7. The refrigerator according to claim 1, wherein, when a condition for supplying water to the icemaker is satisfied, the controller controls the ice-making water supply valve to be kept closed if the temperature detected by the temperature sensor is lower than a lower limit of the set temperature range.

8. The refrigerator according to claim 1, wherein the icemaker includes an ice-making tray which contains water supplied through the water supply tube.

9. The refrigerator according to claim 8, wherein the icemaker further includes an ice-making temperature sensor for measuring a temperature of the ice-making tray.

10. A method of operating a refrigerator, comprising:

detecting a temperature of a water supply tube, which supplies water to an icemaker and is in contact with at least one of a compressor and a condenser; and

controlling an ice-making water supply valve, installed in the water supply tube, based on the detected temperature of the water supply tube.

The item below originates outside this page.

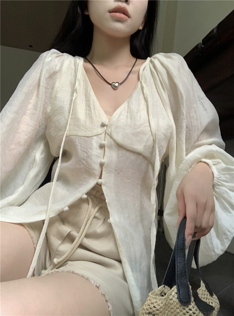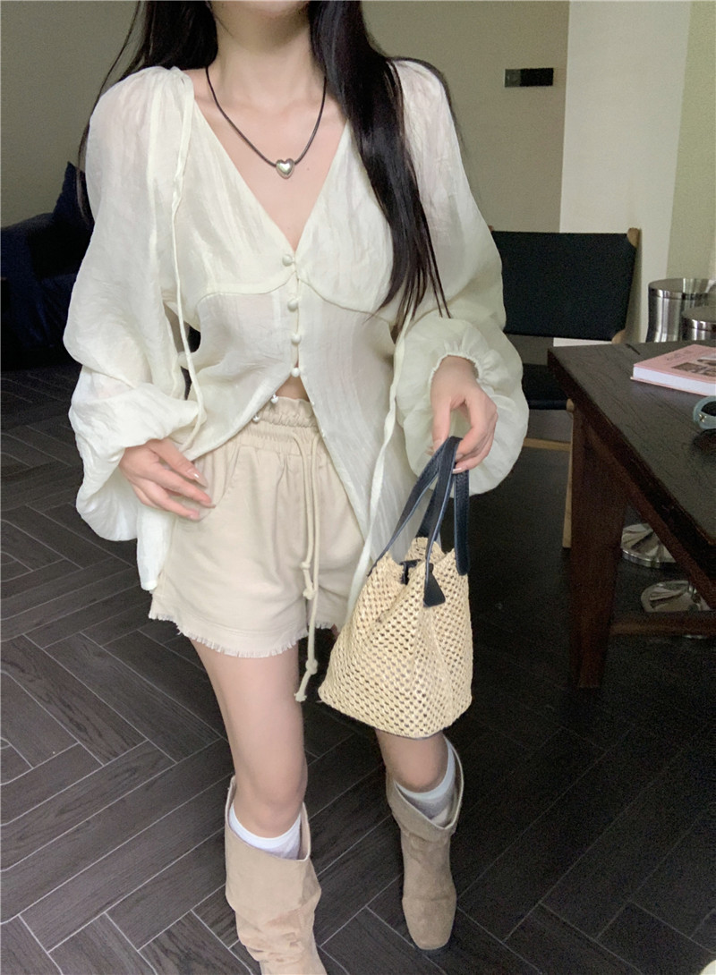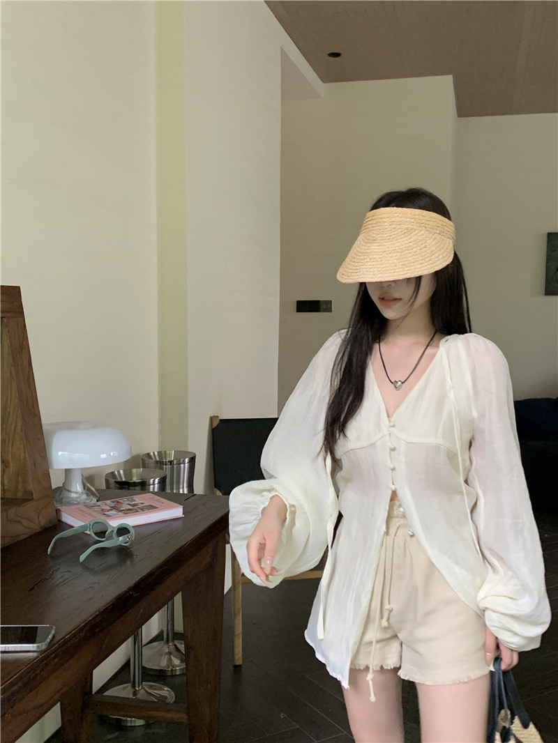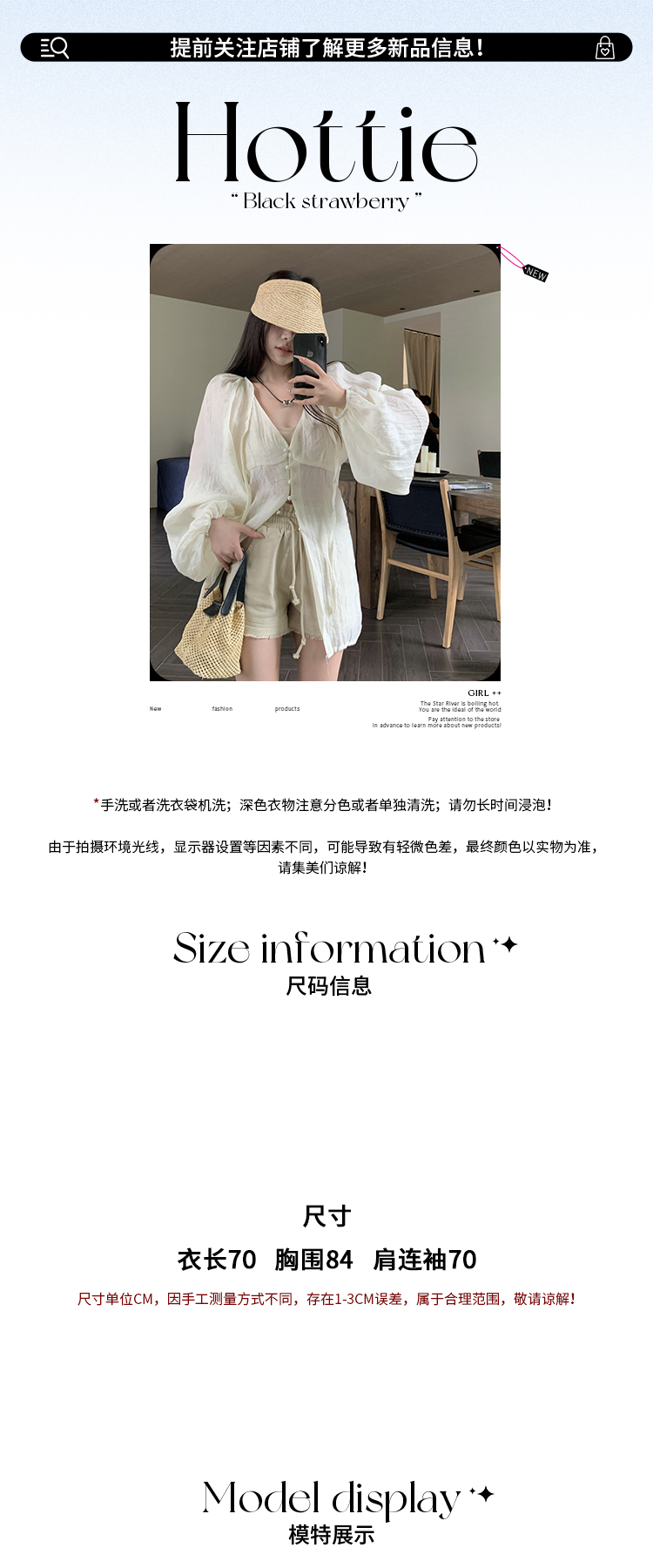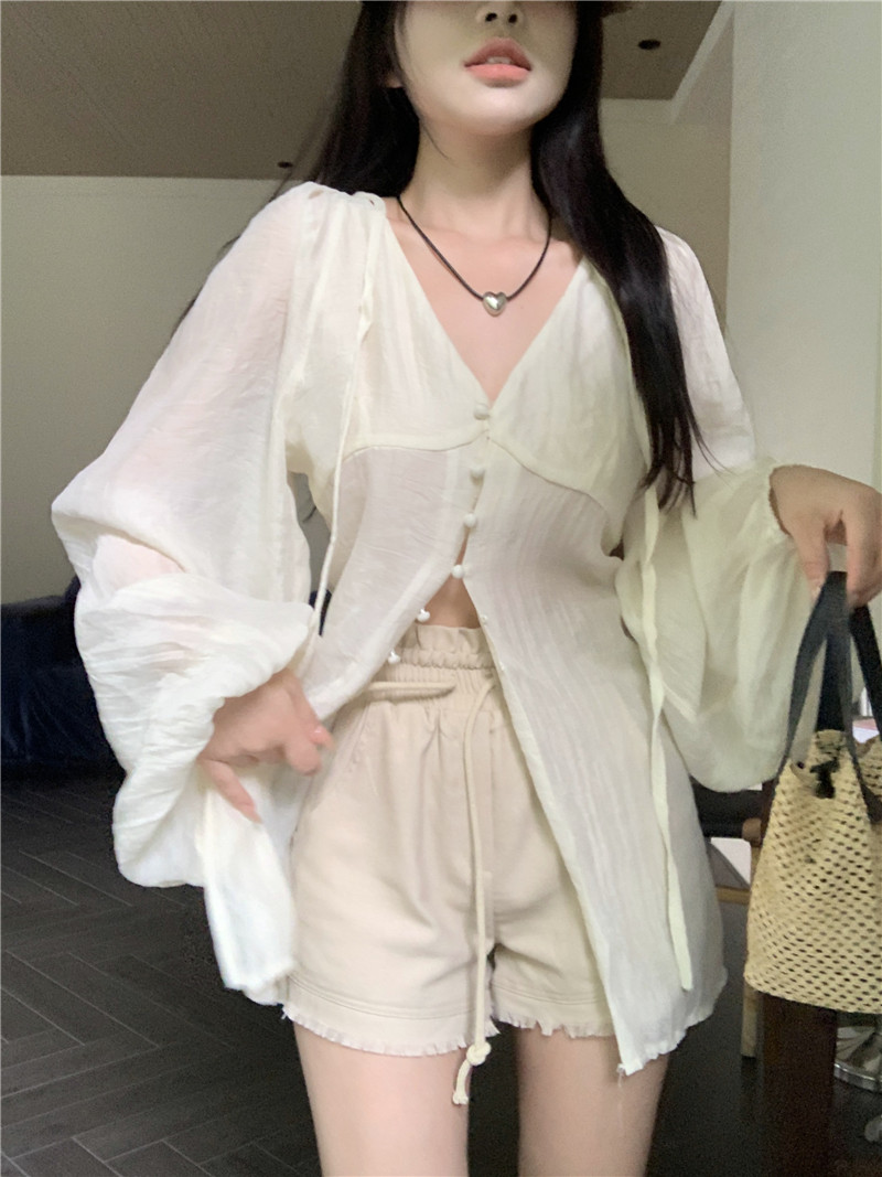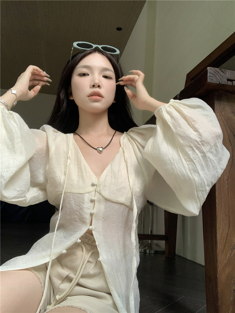 純色長袖雪紡襯衫女裝秋季V領泡泡袖薄款襯衫飄帶中長版防曬上衣

11. The method according to claim 10, wherein controlling the ice-making water supply valve is performed by, when a condition for supplying water to the icemaker is satisfied, keeping the ice-making water supply valve closed if the detected temperature of the water supply tube is lower than a lower limit of a set temperature range.

12. The method according to claim 10, wherein controlling the ice-making water supply valve is performed by, when a condition for supplying water to the icemaker is satisfied, opening the ice-making water supply valve for a predetermined period of time if the detected temperature of the water supply tube is within a set temperature range.